— Instructions to follow —
Word for word, please copy the listing below, with its pictures left out.

— Recorded data —
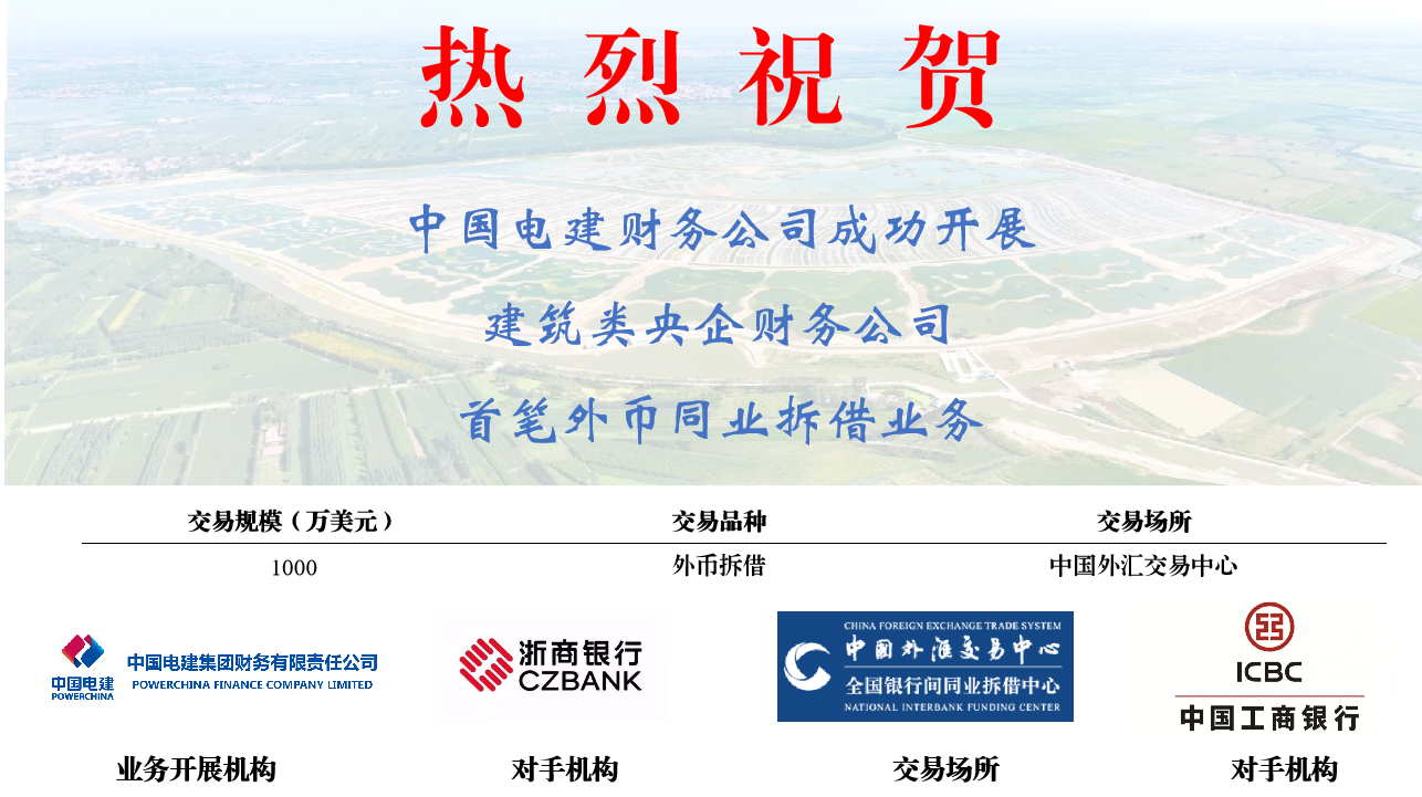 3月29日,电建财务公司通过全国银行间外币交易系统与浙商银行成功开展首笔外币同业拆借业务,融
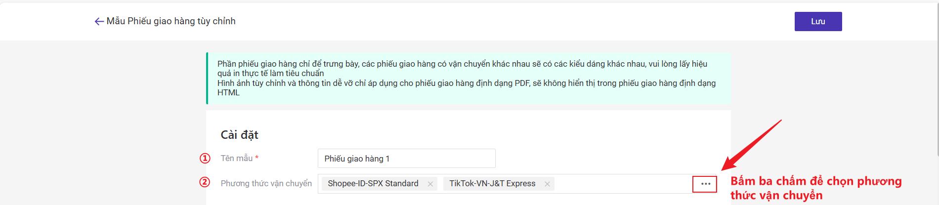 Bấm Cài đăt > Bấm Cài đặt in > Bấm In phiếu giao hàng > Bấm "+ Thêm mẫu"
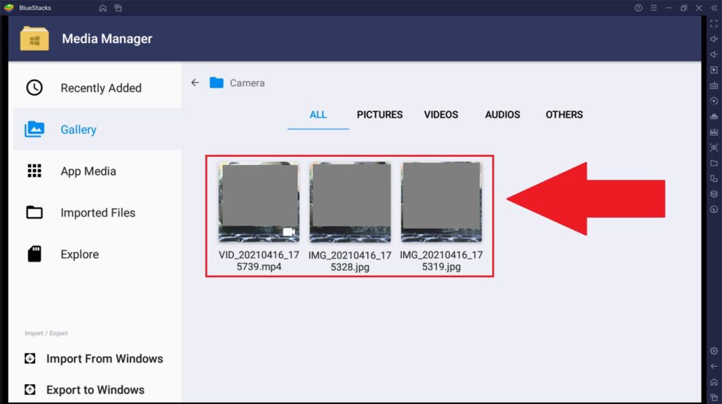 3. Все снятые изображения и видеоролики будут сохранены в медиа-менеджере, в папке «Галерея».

— Output of the exercise —
 3月29日,电建财务公司通过全国银行间外币交易系统与浙商银行成功开展首笔外币同业拆借业务,融
 Bấm Cài đăt > Bấm Cài đặt in > Bấm In phiếu giao hàng > Bấm "+ Thêm mẫu"
 3. Все снятые изображения и видеоролики будут сохранены в медиа-менеджере, в папке «Галерея».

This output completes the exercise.